→ WORK TO BE COMPLETED
Return, from the material below, each line in which the word "with" is present.

→ INFORMATION PROVIDED

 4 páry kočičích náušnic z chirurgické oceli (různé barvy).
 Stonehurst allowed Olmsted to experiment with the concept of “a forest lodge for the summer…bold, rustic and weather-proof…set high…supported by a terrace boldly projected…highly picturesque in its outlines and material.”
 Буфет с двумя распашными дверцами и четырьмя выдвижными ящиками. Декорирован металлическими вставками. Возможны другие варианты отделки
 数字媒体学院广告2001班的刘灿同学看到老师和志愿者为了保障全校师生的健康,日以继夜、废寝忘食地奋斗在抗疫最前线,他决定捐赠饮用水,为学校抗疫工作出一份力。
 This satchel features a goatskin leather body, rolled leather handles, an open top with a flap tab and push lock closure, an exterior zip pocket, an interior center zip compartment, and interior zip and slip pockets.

==

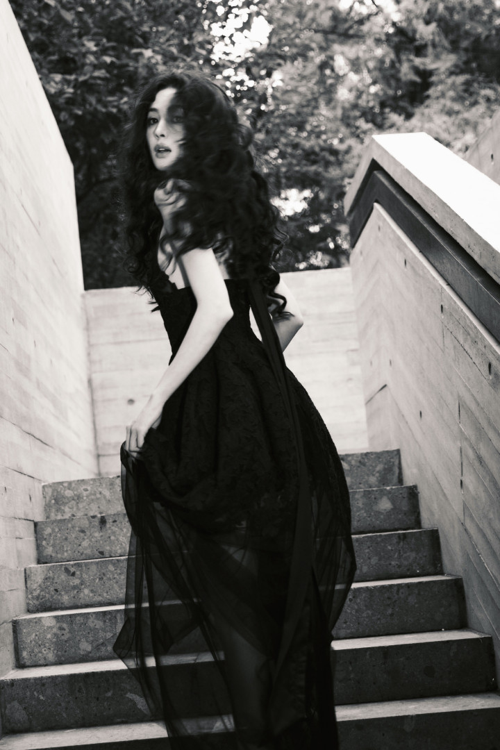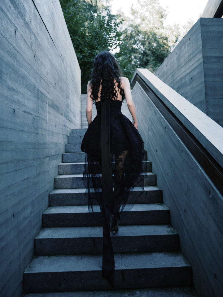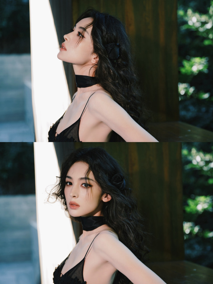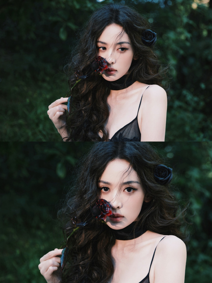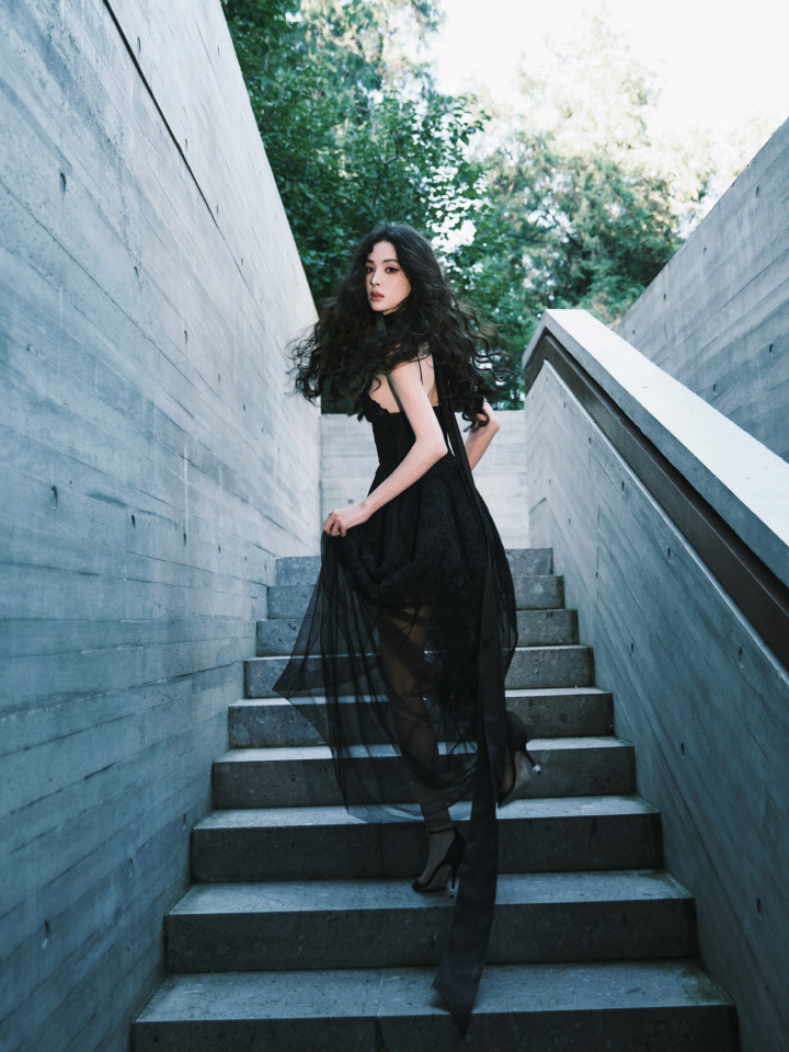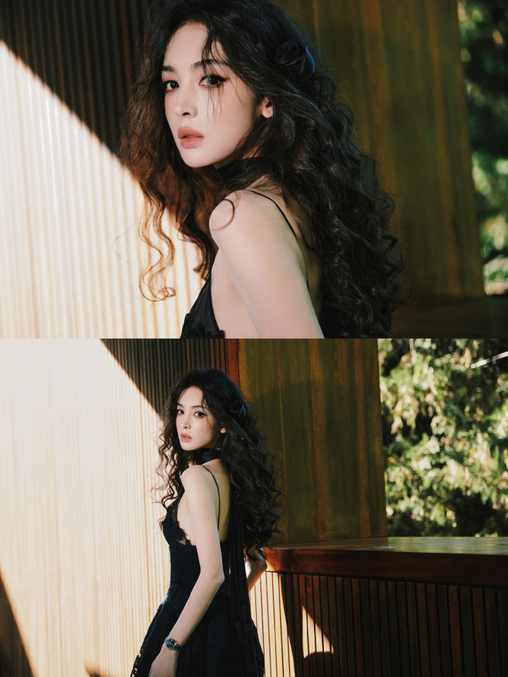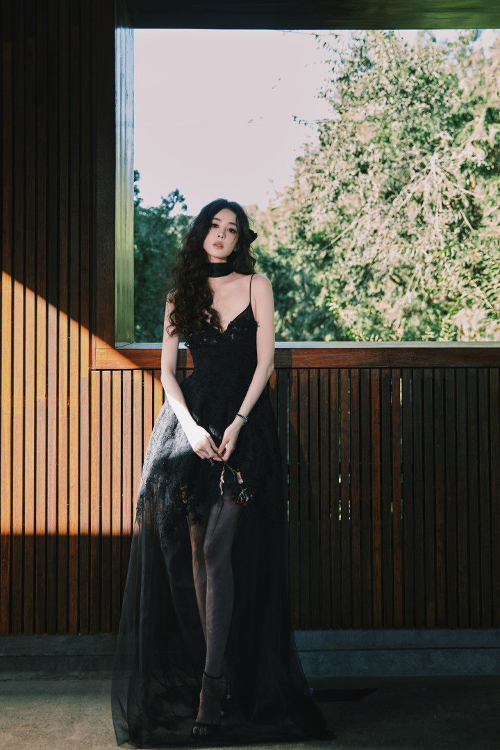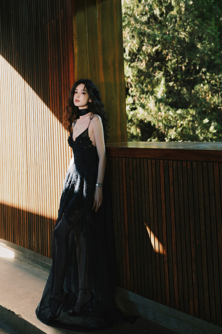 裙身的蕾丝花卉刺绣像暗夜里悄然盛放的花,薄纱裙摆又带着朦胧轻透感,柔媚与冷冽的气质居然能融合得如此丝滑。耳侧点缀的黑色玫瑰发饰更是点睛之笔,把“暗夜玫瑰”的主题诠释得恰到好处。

→ ANSWER SPACE
 Stonehurst allowed Olmsted to experiment with the concept of “a forest lodge for the summer…bold, rustic and weather-proof…set high…supported by a terrace boldly projected…highly picturesque in its outlines and material.”
 This satchel features a goatskin leather body, rolled leather handles, an open top with a flap tab and push lock closure, an exterior zip pocket, an interior center zip compartment, and interior zip and slip pockets.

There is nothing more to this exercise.